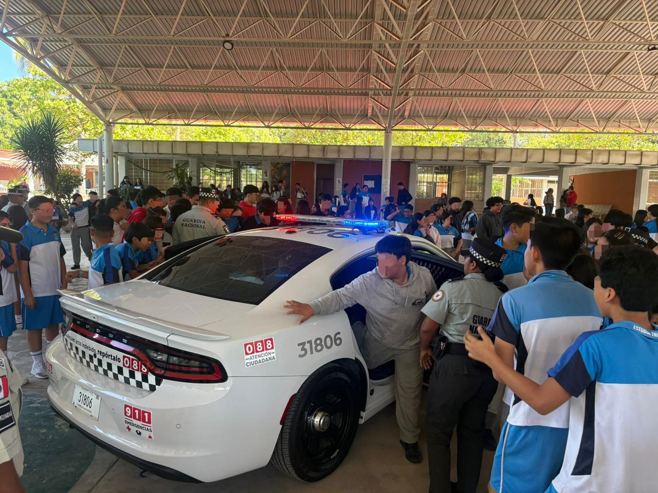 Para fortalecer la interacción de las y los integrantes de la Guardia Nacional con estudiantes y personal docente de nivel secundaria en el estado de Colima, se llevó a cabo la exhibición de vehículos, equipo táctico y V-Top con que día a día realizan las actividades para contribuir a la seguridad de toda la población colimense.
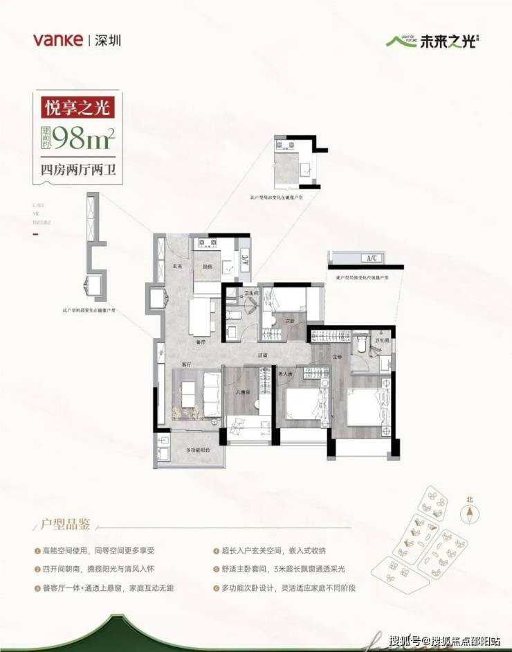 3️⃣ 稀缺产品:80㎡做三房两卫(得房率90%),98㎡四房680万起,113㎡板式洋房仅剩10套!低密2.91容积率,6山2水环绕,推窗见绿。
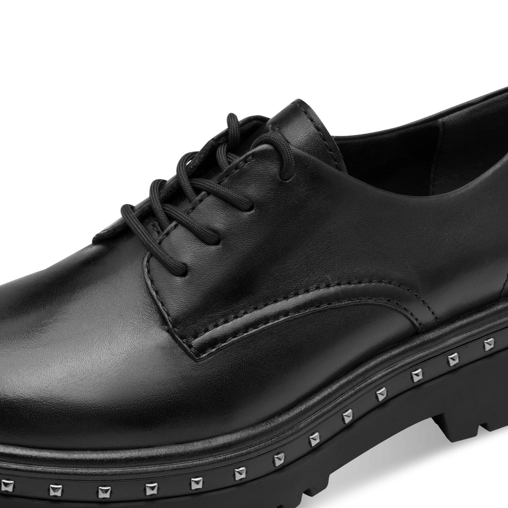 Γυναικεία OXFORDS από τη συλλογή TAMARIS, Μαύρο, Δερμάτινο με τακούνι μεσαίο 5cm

**TASK TO COMPLETE**
The answer must be the full listing above, copied exactly, with no pictures in it.

**TASK SOLUTION**
 Para fortalecer la interacción de las y los integrantes de la Guardia Nacional con estudiantes y personal docente de nivel secundaria en el estado de Colima, se llevó a cabo la exhibición de vehículos, equipo táctico y V-Top con que día a día realizan las actividades para contribuir a la seguridad de toda la población colimense.
 3️⃣ 稀缺产品:80㎡做三房两卫(得房率90%),98㎡四房680万起,113㎡板式洋房仅剩10套!低密2.91容积率,6山2水环绕,推窗见绿。
 Γυναικεία OXFORDS από τη συλλογή TAMARIS, Μαύρο, Δερμάτινο με τακούνι μεσαίο 5cm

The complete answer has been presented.